What About Battered Men?

For thirty years now, researchers have known that wives kick, punch, stab, or shoot their husbands about as often as husbands kick, punch, stab, or shoot their wives. But federal law ignores the facts and instead uses the power of the purse to get states to impose Kafkaesque policies that punish victimized men and reward violent women.

Back in 1975, the First National Family Violence Survey turned up results that surprised even the sociologists conducting the survey. Wives attack husbands about as often as husbands attack wives. And wives attack first about as often as husbands attack first, which is strong evidence that women’s assaults on men can’t be explained away simply as self-defense. But battered women’s advocates were intent on portraying domestic violence as something only men do and only women suffer from. So they’d conveniently leave out the part about women’s assaults on men whenever they cited the study’s results.

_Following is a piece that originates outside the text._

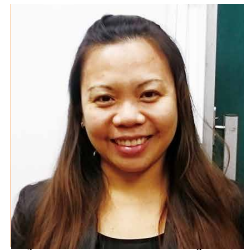
だいにほんじん ざいこうせい 30代・フィリピン出身(在校生)

ひるまかいごのしごとをしていますので、やかんちゅうがくでべんきょうしています。ゆめをもっているかた、レベルアップしてスポーツとべんきょうができます。ねんれいはかんけいありません。あんしんしてべんきょうをたのしめるので、ぜひみなさんいきましよう。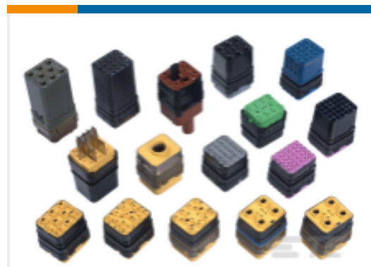
TE 产品编号ZPF000000000203708 DMC-M 99-10 PC

Susan R. Paisner is a criminologist and longtime advocate for abused women and men. She recalls being stunned by the hostile attitudes toward male victims that she encountered at one of the nation’s first conferences on domestic violence. She navely thought that “we were all there to do good – for all who needed it.” Yet when she mentioned having read a brief newspaper article about male victims, many of the other women at the conference turned on her, saying, “This is OUR issue, OUR cause. If men are battered, then let other MEN do something for them.”

The Second National Family Violence Survey was conducted ten years after the first. Contrary to advocates’ claims of an epidemic of wife abuse, violence toward women had declined. But violence toward men by women had not changed since the first survey.

When battered women’s advocates lobbied Congress, they quoted only the part of the results that suited their agenda. And so, in spite of longstanding knowledge among researchers about the existence of significant numbers of abusive women and victimized men, Congress enacted legislation in 1994 that addressed only part of the problem. Rather than passing an inclusive Family Violence Act, they enacted a Violence Against Women Act.

VAWA provided billions of dollars for organizations whose primary purpose is helping abused women, but nothing whatsoever for organizations to help abused men. The Violence Against Women Office, which administers VAWA, states that the law prohibits funding of programs that focus on male victims. At least one state agency that distributes VAWA funds explicitly lists “Programs that focus on children and/or men” under “Ineligible Activities” on their application form.

Even after receiving $5.1 billion under the past two VAWA bills, battered women’s advocates still argue that there’s too little money, and therefore the government should allocate no funding whatsoever for organizations whose primary purpose is to help the 835,000 men the U.S. Dept. of Justice estimates are assaulted by their partner annually. Yet somehow there’s enough money in the current $4.2 billion VAWA reauthorization bill to make special provisions for an estimated 32,600 Native Americans, but of course, only if those Native Americans are female. No males need apply. [32,600 was estimated by multiplying the population of Native Americans (2,173,834) by the percent of the female population raped or physically assaulted by a partner annually (1.5%).]

RADAR (Respecting Accuracy in Domestic Abuse Reporting) has reviewed the VAWA reauthorization bill and identified the numerous serious problems listed below. The bill:

  1. Misrepresents domestic violence as almost always man-on-woman violence.
  2. Violates men’s Fourteenth Amendment right to equal protection.
  3. Lacks safeguards against false allegations of domestic violence, thus encouraging the unscrupulous to use false allegations during divorce proceedings to separate children and fathers.
  4. Blurs the distinction between violent crime and a verbal argument.
  5. Allows restraining orders based on a woman’s word; no proof required.
  6. Encourages mandatory reporting, mandatory arrest, and “no-drop” prosecutions, policies which even the Feminist Majority Foundation says often end up harming families.
  7. Pre-empts state partner assault laws and the federal Victims of Crime Act. Spends $1 billion a year duplicating existing programs.
  8. Funds trainings that teach judges to violate the Constitution. In one such training, judges were instructed: “Your job is not to become concerned about all the constitutional rights of the man that you’re violating as you grant a restraining order. Thrown him out on the street, give him the clothes on his back and tell him, u2018See ya’ around.'”
  9. Funds treatment programs based on ideology, not science.
  10. Represents an overreaching of federal power.
  11. Corrupts family violence research. VAWA-funded researchers often seek to bias the outcome of their research by interviewing only women, slanting the wording of questions, asking only questions that will produce the desired answer, or by selectively reporting research findings.
  12. Funds educational programs that consistently depict men as perpetrators and women as victims of domestic violence.

VAWA should have treated all people equally when it was first enacted. Instead, VAWA tramples on persons’ basic human rights while ignoring what scientific researchers have known for three decades. Our elected officials have a responsibility to make sure VAWA helps all victims of domestic violence.